The assessment is, therefore, based on a system of resource classification the main objective of which is to establish the quantities of minerals likely to be available in the future. Many governments now require that resources and reserves are reported according to internationally accepted codes in countries where the company’s stock is listed. Adherence to such reporting standards ensures full and transparent disclosure of all material facts and is intended to provide all parties with reliable information on which to base investment decisions. Such codes include the Joint Ore Reserves Committee (JORC) code in Australia and the Canadian Institute of Mining, Metallurgy and Petroleum (CIM) reporting standard which is referred to as National Instrument (NI) 43-101. Following an era of industry self-regulation, these codes were developed in response to scandals in Australia and Canada where many people were misled by speculation and rumour leading to unfounded spectacular rises in share prices and, soon after, rapid falls. In the short term these led to huge financial losses and, in the longer term and more significantly, to a prolonged loss of investor confidence in the mining industry. Accordingly these, and other codes, were developed to set minimum standards of reporting of exploration results, mineral resources and ore reserves. They provide a mandatory system of classification of tonnage and grade estimates according to geological confidence and technical/economic considerations. They require public reports to be prepared by appropriately qualified persons and provide guidance on the criteria to be used when preparing reports on exploration results, mineral resources and ore reserves.

Resources and reserves

The key elements of the reporting codes are the terms ‘resources’ and ‘reserves’, which are frequently confused and/or used incorrectly. They are, in fact, fundamental to the distinction between a mineral deposit that is currently economic (reserves) and another which may become economic in the future (resources).

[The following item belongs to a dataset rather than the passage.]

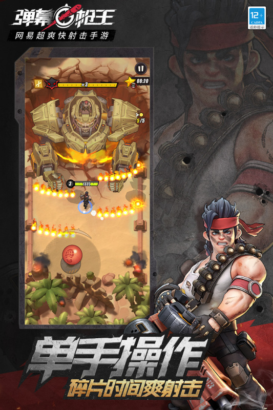 一命到底,不愧是你!《弹幕枪王》超爽快街机射击手游,2.5D竖版Roguelite射击,高品质战地场景,为你带来热血街机体验!自动瞄准,单手射击也能激爽对战。众多模组搭配,不同玩法流派,总能出奇制胜!丰富的机械养成体系,创造独一无二的佣兵战斗场面!

A mineral ‘resource’ is a natural concentration of minerals or a body of rock that is, or may become, of potential economic interest as a basis for the extraction of a commodity. A resource has physical and/or chemical properties that makes it suitable for specific uses and is present in sufficient quantities to be of intrinsic economic interest. To provide more information about the level of assurance, resources are divided into different categories which, in the JORC code, are referred to as measured, indicated and inferred resources, reflecting decreasing level of geological knowledge and hence decreasing confidence in their existence.
It is important to note that identified resources do not represent all the mineral resources present in the Earth, a quantity that is sometimes referred to as the ‘resource base.’ In addition to identified resources, there are resources that are undiscovered or unidentified (Figure 1.2). Undiscovered resources may be divided into hypothetical and speculative categories. Hypothetical resources are those which may reasonably be expected to occur in deposits similar to those known in a particular area under similar geological conditions. Speculative resources are those which may be present either in known deposit types in areas with favourable geological settings but where no discoveries have yet been made or in new types of deposit whose economic potential has not yet been recognised.
A miner...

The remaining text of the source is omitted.